**Aim of the task**
The answer is the data below, repeated exactly, with no pictures included.

[[ Entries provided open ]]

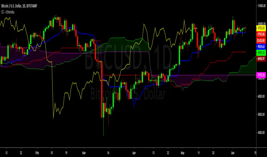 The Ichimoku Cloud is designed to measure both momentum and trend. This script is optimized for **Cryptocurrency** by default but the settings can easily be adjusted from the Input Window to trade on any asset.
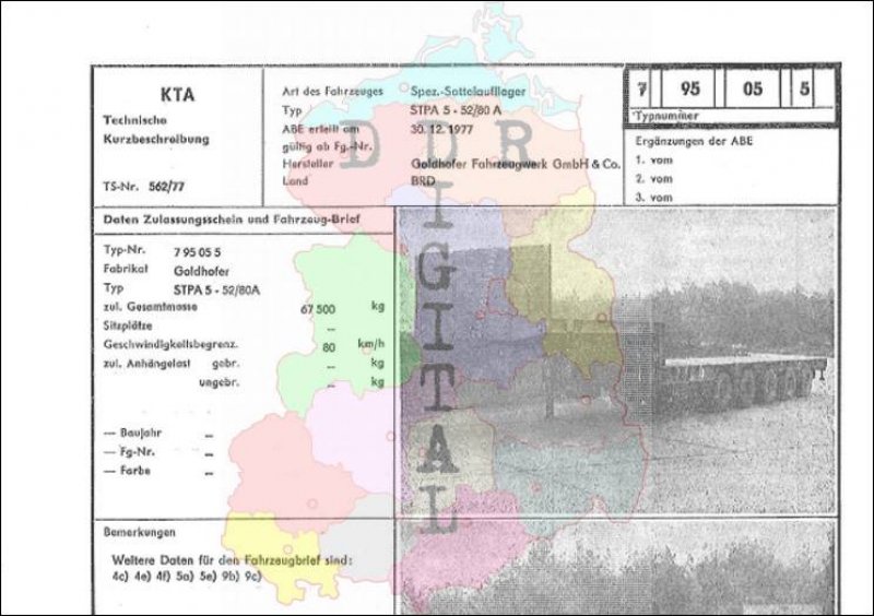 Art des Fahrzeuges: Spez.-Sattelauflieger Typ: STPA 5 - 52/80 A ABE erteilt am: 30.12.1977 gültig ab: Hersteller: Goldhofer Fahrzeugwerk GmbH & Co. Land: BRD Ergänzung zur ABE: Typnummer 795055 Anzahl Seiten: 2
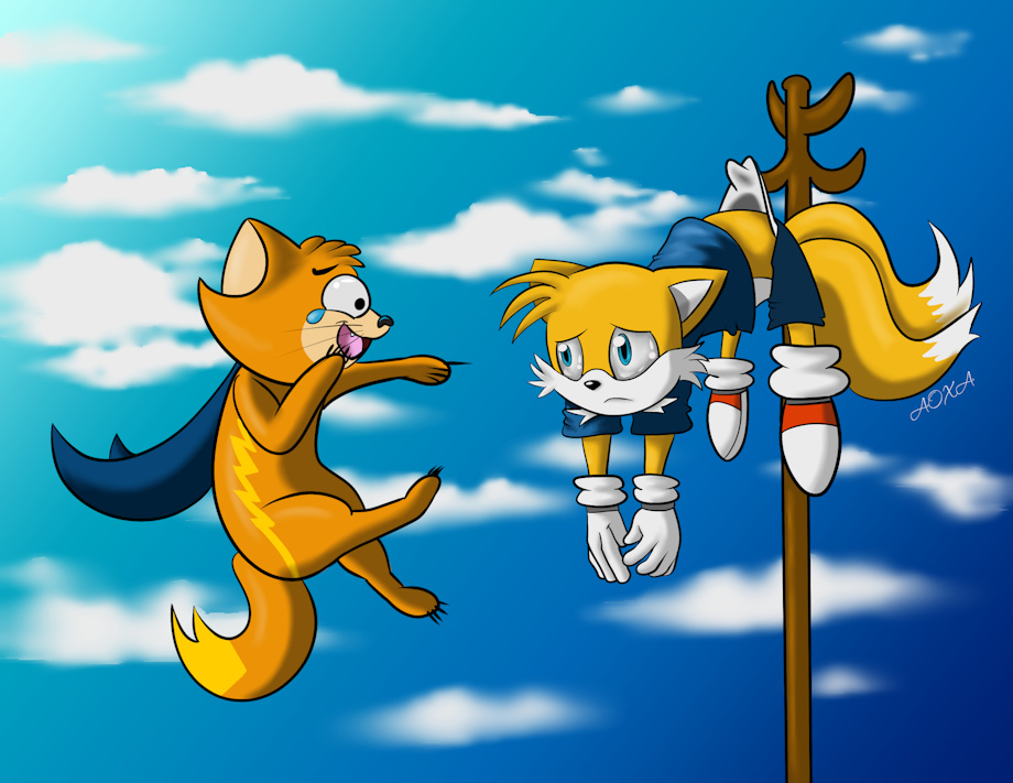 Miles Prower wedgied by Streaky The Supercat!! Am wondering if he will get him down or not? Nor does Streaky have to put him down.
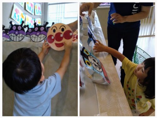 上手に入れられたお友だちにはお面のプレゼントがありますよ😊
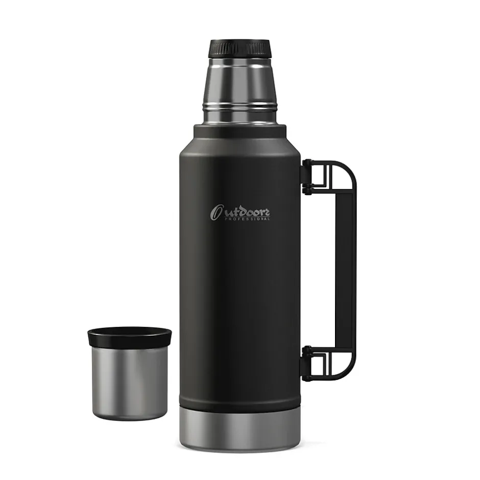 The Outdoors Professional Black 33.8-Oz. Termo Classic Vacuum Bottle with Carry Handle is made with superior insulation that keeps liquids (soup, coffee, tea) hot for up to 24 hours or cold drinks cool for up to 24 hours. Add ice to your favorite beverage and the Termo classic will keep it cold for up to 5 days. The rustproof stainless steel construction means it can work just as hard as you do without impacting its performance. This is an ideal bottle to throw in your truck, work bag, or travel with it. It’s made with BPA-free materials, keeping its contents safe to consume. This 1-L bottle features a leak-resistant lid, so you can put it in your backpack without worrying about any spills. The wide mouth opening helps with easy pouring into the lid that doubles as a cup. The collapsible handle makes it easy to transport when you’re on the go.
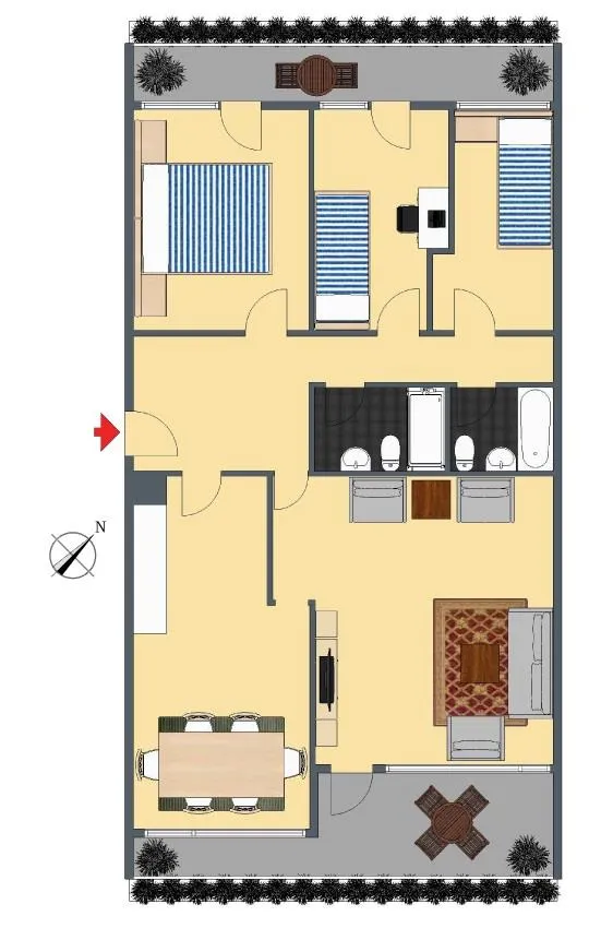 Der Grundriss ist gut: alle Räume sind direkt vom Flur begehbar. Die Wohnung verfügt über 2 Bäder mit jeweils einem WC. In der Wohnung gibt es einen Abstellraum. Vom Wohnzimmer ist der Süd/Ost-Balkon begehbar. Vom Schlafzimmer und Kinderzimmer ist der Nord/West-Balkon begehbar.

[[ Entries provided closed ]]

**Answer to this exercise**
 The Ichimoku Cloud is designed to measure both momentum and trend. This script is optimized for **Cryptocurrency** by default but the settings can easily be adjusted from the Input Window to trade on any asset.
 Art des Fahrzeuges: Spez.-Sattelauflieger Typ: STPA 5 - 52/80 A ABE erteilt am: 30.12.1977 gültig ab: Hersteller: Goldhofer Fahrzeugwerk GmbH & Co. Land: BRD Ergänzung zur ABE: Typnummer 795055 Anzahl Seiten: 2
 Miles Prower wedgied by Streaky The Supercat!! Am wondering if he will get him down or not? Nor does Streaky have to put him down.
 上手に入れられたお友だちにはお面のプレゼントがありますよ😊
 The Outdoors Professional Black 33.8-Oz. Termo Classic Vacuum Bottle with Carry Handle is made with superior insulation that keeps liquids (soup, coffee, tea) hot for up to 24 hours or cold drinks cool for up to 24 hours. Add ice to your favorite beverage and the Termo classic will keep it cold for up to 5 days. The rustproof stainless steel construction means it can work just as hard as you do without impacting its performance. This is an ideal bottle to throw in your truck, work bag, or travel with it. It’s made with BPA-free materials, keeping its contents safe to consume. This 1-L bottle features a leak-resistant lid, so you can put it in your backpack without worrying about any spills. The wide mouth opening helps with easy pouring into the lid that doubles as a cup. The collapsible handle makes it easy to transport when you’re on the go.
 Der Grundriss ist gut: alle Räume sind direkt vom Flur begehbar. Die Wohnung verfügt über 2 Bäder mit jeweils einem WC. In der Wohnung gibt es einen Abstellraum. Vom Wohnzimmer ist der Süd/Ost-Balkon begehbar. Vom Schlafzimmer und Kinderzimmer ist der Nord/West-Balkon begehbar.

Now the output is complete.